Va infine ricordato che la menopausa naturale precoce è correlata a un aumento del rischio di morbilità (osteoporosi e fratture e aterosclerosi) e mortalità per tutte le cause (ictus, malattie cardiovascolari). Questa diversa durata del periodo riproduttivo viene attribuita all’alterata secrezione/azione dell’insulina che la donna produce, ma anche alla distribuzione non completamente fisiologica dell’insulina somministrata per via sottocutanea.

Le nuove tecnologie - quali il monitoraggio continuo del glucosio, i microinfusori con sistema ibrido automatico, le nuove insuline e i nuovi farmaci non insulinici - hanno determinato un netto miglioramento del controllo metabolico, del peso corporeo e una maggiore protezione d’organo, mai registrata in passato.

Gestione della Glicemia in Menopausa

Quando si soffre di diabete e si è in menopausa, è fondamentale condurre uno stile di vita sano per garantire una buona gestione del diabete ed evitare complicazioni per la salute:

  • Alimentazione sana: per gestire i valori della glicemia in menopausa, è essenziale concentrarsi su abitudini alimentari sane.
  • Fai esercizio: l’esercizio fisico regolare (2-3 volte a settimana) è fondamentale per uno stile di vita sano.
  • Terapia ormonale (HT): questo trattamento per le donne in perimenopausa/menopausa sostituisce la diminuzione dei livelli ormonali nel corpo e allevia i sintomi.
  • Chiedi aiuto: ogni volta che ne senti il bisogno, non esitare a chiedere supporto, sia psicologico che medico.
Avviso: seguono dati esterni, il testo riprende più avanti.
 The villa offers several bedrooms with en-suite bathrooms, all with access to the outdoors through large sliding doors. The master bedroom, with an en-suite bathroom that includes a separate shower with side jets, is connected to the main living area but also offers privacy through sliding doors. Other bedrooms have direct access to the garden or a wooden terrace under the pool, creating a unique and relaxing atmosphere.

Durante la perimenopausa, il corpo delle donne subisce svariati cambiamenti ormonali. Secondo la dottoressa Stephanie Faubion, direttore medico della NAMS, le donne che sviluppano il diabete di tipo 1 o di tipo 2 in giovane età - prima dei 30 anni per il T1D e tra i 30 e i 39 anni per il T2D - hanno maggiori probabilità di entrare in menopausa prima rispetto ad altre donne.

Diabete e Fertilità

Il diabete, in particolare di tipo 2, ha impatti significativi sulla fertilità maschile. Gli uomini diabetici spesso presentano alterazioni nel liquido seminale, con una riduzione della quantità e della qualità dello sperma. Nelle donne, il diabete può influenzare la fertilità attraverso vari meccanismi, alterando il funzionamento del sistema riproduttivo e interferendo con l’ovulazione.
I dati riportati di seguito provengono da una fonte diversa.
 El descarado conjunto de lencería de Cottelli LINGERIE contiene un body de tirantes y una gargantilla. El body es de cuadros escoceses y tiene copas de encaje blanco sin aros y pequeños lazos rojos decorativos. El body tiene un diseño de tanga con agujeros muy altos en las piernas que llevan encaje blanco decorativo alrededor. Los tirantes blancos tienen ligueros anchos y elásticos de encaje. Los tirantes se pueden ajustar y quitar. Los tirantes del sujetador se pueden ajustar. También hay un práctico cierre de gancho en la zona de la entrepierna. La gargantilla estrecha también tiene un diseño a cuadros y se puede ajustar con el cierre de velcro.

È importante per le persone con diabete, sia uomini che donne, mantenere sotto controllo i livelli di glucosio per migliorare le possibilità di concepimento e ridurre i rischi per la salute riproduttiva. La correlazione tra diabete e infertilità non è da sottovalutare: i danni metabolici causati dal diabete possono influenzare negativamente la salute riproduttiva sia negli uomini che nelle donne. Comprendere questi effetti e adottare misure di gestione adeguate è essenziale per chi desidera concepire.

Meccanismi di Influenza del Diabete sulla Fertilità

  • Danno Ovarico: gli alti livelli di glicemia possono danneggiare i follicoli ovarici, influendo negativamente sulla qualità degli ovociti.
  • Problemi Ormonali: gli squilibri nei livelli di insulina possono influenzare anche gli ormoni riproduttivi.
  • Danno Ossidativo: l’elevata glicemia aumenta lo stress ossidativo, danneggiando le cellule germinali dei testicoli.